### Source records

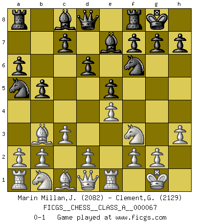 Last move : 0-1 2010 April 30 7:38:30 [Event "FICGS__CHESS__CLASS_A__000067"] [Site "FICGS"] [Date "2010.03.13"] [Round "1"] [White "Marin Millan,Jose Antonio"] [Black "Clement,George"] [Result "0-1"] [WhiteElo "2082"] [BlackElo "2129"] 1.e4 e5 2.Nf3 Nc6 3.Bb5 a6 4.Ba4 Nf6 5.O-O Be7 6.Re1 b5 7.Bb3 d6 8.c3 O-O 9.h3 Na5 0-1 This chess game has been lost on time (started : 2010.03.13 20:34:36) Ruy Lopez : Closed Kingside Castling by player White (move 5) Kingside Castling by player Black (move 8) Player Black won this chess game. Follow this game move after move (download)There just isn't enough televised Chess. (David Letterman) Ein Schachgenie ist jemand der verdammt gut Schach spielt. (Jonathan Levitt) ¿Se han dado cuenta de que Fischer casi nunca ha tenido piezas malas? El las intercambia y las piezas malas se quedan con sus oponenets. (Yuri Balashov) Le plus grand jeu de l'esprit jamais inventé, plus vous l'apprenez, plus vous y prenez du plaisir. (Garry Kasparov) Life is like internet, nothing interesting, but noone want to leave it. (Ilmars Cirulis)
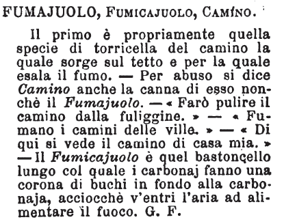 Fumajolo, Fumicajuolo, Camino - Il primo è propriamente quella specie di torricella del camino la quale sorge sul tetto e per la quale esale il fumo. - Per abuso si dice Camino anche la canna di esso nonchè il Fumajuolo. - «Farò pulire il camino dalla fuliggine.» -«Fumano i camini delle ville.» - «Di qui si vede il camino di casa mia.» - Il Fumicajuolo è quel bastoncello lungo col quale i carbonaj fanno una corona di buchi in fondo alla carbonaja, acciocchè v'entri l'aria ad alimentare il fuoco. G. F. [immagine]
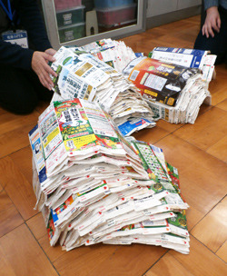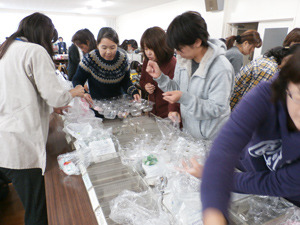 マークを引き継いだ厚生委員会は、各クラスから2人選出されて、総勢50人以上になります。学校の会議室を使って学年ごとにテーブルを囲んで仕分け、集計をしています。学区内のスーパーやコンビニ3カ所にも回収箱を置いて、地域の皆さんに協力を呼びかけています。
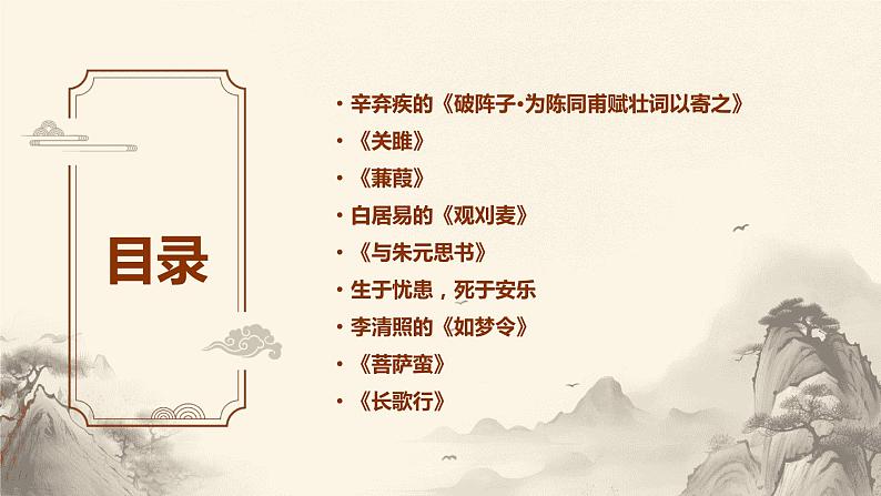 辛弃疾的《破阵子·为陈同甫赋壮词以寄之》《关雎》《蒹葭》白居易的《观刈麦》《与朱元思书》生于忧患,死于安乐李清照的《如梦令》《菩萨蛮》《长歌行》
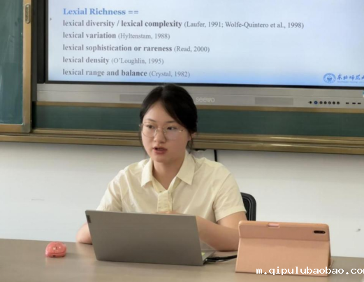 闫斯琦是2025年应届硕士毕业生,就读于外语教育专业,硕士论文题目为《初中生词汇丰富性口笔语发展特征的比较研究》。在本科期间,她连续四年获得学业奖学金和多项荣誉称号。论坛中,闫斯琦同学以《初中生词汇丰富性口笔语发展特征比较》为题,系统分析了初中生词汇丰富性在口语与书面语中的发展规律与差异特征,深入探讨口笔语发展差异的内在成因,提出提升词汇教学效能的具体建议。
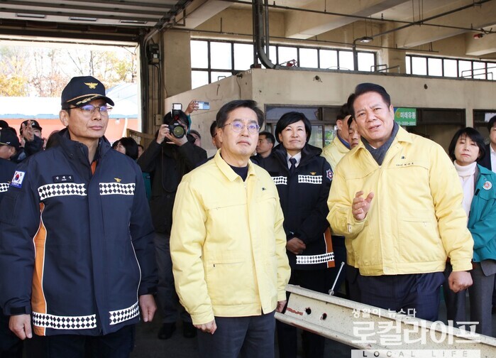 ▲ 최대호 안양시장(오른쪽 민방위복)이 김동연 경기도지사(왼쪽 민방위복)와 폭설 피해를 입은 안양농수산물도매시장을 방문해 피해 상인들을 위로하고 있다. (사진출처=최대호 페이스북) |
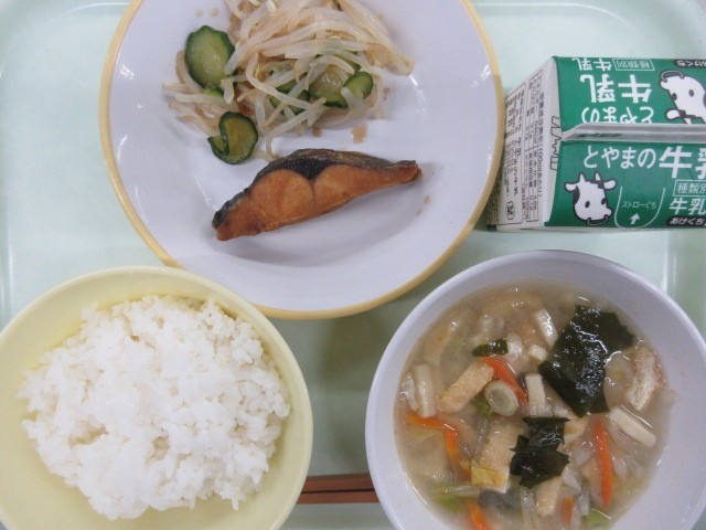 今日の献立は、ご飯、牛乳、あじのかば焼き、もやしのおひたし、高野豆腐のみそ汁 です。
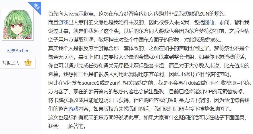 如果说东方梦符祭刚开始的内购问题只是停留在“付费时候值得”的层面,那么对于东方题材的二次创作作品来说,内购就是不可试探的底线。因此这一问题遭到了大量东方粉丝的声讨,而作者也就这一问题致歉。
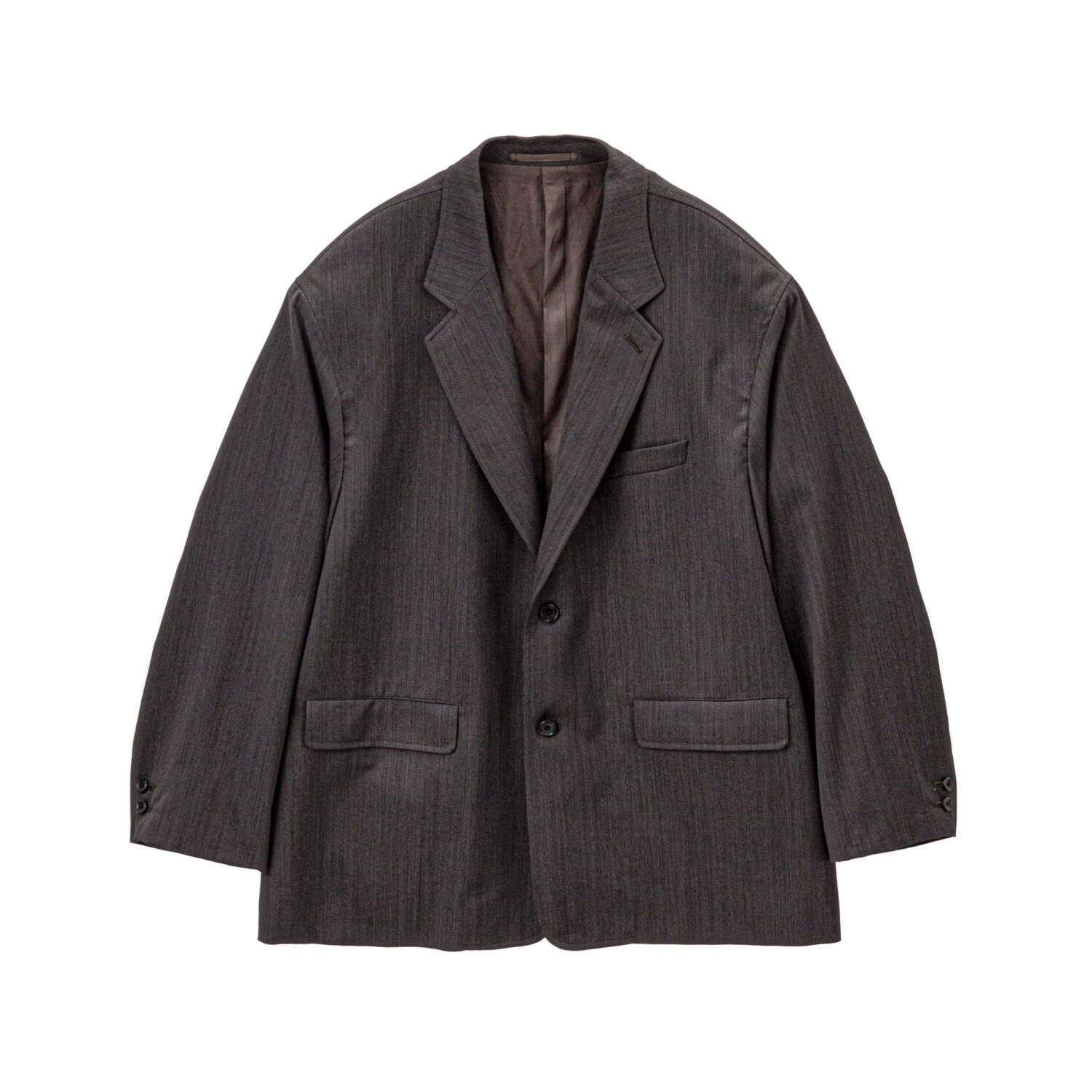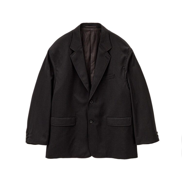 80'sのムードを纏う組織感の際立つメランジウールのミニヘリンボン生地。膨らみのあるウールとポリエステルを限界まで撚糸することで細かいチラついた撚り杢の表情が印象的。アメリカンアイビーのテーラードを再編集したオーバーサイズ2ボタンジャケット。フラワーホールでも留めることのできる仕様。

### REQUIRED WORK
Reproduce each entry word for word and cut the images.

### SOLVED EXERCISE
 Last move : 0-1 2010 April 30 7:38:30 [Event "FICGS__CHESS__CLASS_A__000067"] [Site "FICGS"] [Date "2010.03.13"] [Round "1"] [White "Marin Millan,Jose Antonio"] [Black "Clement,George"] [Result "0-1"] [WhiteElo "2082"] [BlackElo "2129"] 1.e4 e5 2.Nf3 Nc6 3.Bb5 a6 4.Ba4 Nf6 5.O-O Be7 6.Re1 b5 7.Bb3 d6 8.c3 O-O 9.h3 Na5 0-1 This chess game has been lost on time (started : 2010.03.13 20:34:36) Ruy Lopez : Closed Kingside Castling by player White (move 5) Kingside Castling by player Black (move 8) Player Black won this chess game. Follow this game move after move (download)There just isn't enough televised Chess. (David Letterman) Ein Schachgenie ist jemand der verdammt gut Schach spielt. (Jonathan Levitt) ¿Se han dado cuenta de que Fischer casi nunca ha tenido piezas malas? El las intercambia y las piezas malas se quedan con sus oponenets. (Yuri Balashov) Le plus grand jeu de l'esprit jamais inventé, plus vous l'apprenez, plus vous y prenez du plaisir. (Garry Kasparov) Life is like internet, nothing interesting, but noone want to leave it. (Ilmars Cirulis)
 Fumajolo, Fumicajuolo, Camino - Il primo è propriamente quella specie di torricella del camino la quale sorge sul tetto e per la quale esale il fumo. - Per abuso si dice Camino anche la canna di esso nonchè il Fumajuolo. - «Farò pulire il camino dalla fuliggine.» -«Fumano i camini delle ville.» - «Di qui si vede il camino di casa mia.» - Il Fumicajuolo è quel bastoncello lungo col quale i carbonaj fanno una corona di buchi in fondo alla carbonaja, acciocchè v'entri l'aria ad alimentare il fuoco. G. F. [immagine]
 マークを引き継いだ厚生委員会は、各クラスから2人選出されて、総勢50人以上になります。学校の会議室を使って学年ごとにテーブルを囲んで仕分け、集計をしています。学区内のスーパーやコンビニ3カ所にも回収箱を置いて、地域の皆さんに協力を呼びかけています。
 辛弃疾的《破阵子·为陈同甫赋壮词以寄之》《关雎》《蒹葭》白居易的《观刈麦》《与朱元思书》生于忧患,死于安乐李清照的《如梦令》《菩萨蛮》《长歌行》
 闫斯琦是2025年应届硕士毕业生,就读于外语教育专业,硕士论文题目为《初中生词汇丰富性口笔语发展特征的比较研究》。在本科期间,她连续四年获得学业奖学金和多项荣誉称号。论坛中,闫斯琦同学以《初中生词汇丰富性口笔语发展特征比较》为题,系统分析了初中生词汇丰富性在口语与书面语中的发展规律与差异特征,深入探讨口笔语发展差异的内在成因,提出提升词汇教学效能的具体建议。
 ▲ 최대호 안양시장(오른쪽 민방위복)이 김동연 경기도지사(왼쪽 민방위복)와 폭설 피해를 입은 안양농수산물도매시장을 방문해 피해 상인들을 위로하고 있다. (사진출처=최대호 페이스북) |
 今日の献立は、ご飯、牛乳、あじのかば焼き、もやしのおひたし、高野豆腐のみそ汁 です。
 如果说东方梦符祭刚开始的内购问题只是停留在“付费时候值得”的层面,那么对于东方题材的二次创作作品来说,内购就是不可试探的底线。因此这一问题遭到了大量东方粉丝的声讨,而作者也就这一问题致歉。
 80'sのムードを纏う組織感の際立つメランジウールのミニヘリンボン生地。膨らみのあるウールとポリエステルを限界まで撚糸することで細かいチラついた撚り杢の表情が印象的。アメリカンアイビーのテーラードを再編集したオーバーサイズ2ボタンジャケット。フラワーホールでも留めることのできる仕様。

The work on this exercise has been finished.